Que nunca sejam esquecidos por nós, mas possamos honrar
o seu sacrifício mais com as obras do que com as palavras.
Confiamos-vos todos aqueles que realizaram esta viagem,
suportando medos, incertezas e humilhações,
para chegar a um lugar seguro e esperançoso.

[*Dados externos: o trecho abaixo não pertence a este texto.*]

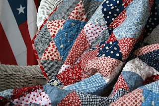 Today, I finally put together 29 (of 30) fat quarters I needed for a quilt pattern I got from http://alittlebitbiased.blogspot.com/. I had many of these in my stash. Some from 10 yrs ago when I first started collecting 30's reproductions, some from my red, white and blue collection, some I had Amber send me that I liked in her quilt and a couple I picked up at my favorite quilt store, Strawberry Patches. I still need one more, but I started cutting them out today. Here are the fabrics.
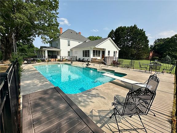 A Blend of Heritage and Elegance - Spanning approximately 3,880 square feet, this 4-bedroom, 3.5-bath residence was built approx. 100 years ago and has been thoughtfully restored to honor its original craftsmanship while incorporating contemporary updates. Original heart pine flooring and four masonry fireplaces evoke a sense of history, while modern amenities, such as an inviting in-ground pool with mountain views, ensure everyday comfort. The massive wrap-around front porch is the epitome of Southern comfort, offering outdoor dining and entertaining opportunities.

Como Vós não abandonastes o vosso Filho
quando foi levado para um lugar seguro por Maria e José,
assim agora mantende-Vos perto destes vossos filhos e filhas
através da nossa ternura e proteção.
Fazei que, cuidando deles, possamos promover um mundo
onde ninguém seja forçado a deixar a sua casa
e onde todos possam viver em liberdade, dignidade e paz.
Deus de misericórdia e Pai de todos,
acordai-nos do sono da indiferença,
abri os nossos olhos às suas tribulações
e libertai-nos da insensibilidade,
fruto do bem-estar mundano e do confinamento em nós mesmos.
Daí inspiração a todos nós, nações, comunidades e indivíduos,
para reconhecer que, quantos atingem as nossas costas,
são nossos irmãos e irmãs.
Ajudai-nos a partilhar com eles as bênçãos
que recebemos das vossas mãos
e a reconhecer que juntos, como uma única família humana,
somos todos migrantes, viajantes de esperança rumo a Vós,
que sois a nossa verdadeira casa,
onde todas as lágrimas serão enxugadas,
onde estaremos na paz, seguros no vosso abraço.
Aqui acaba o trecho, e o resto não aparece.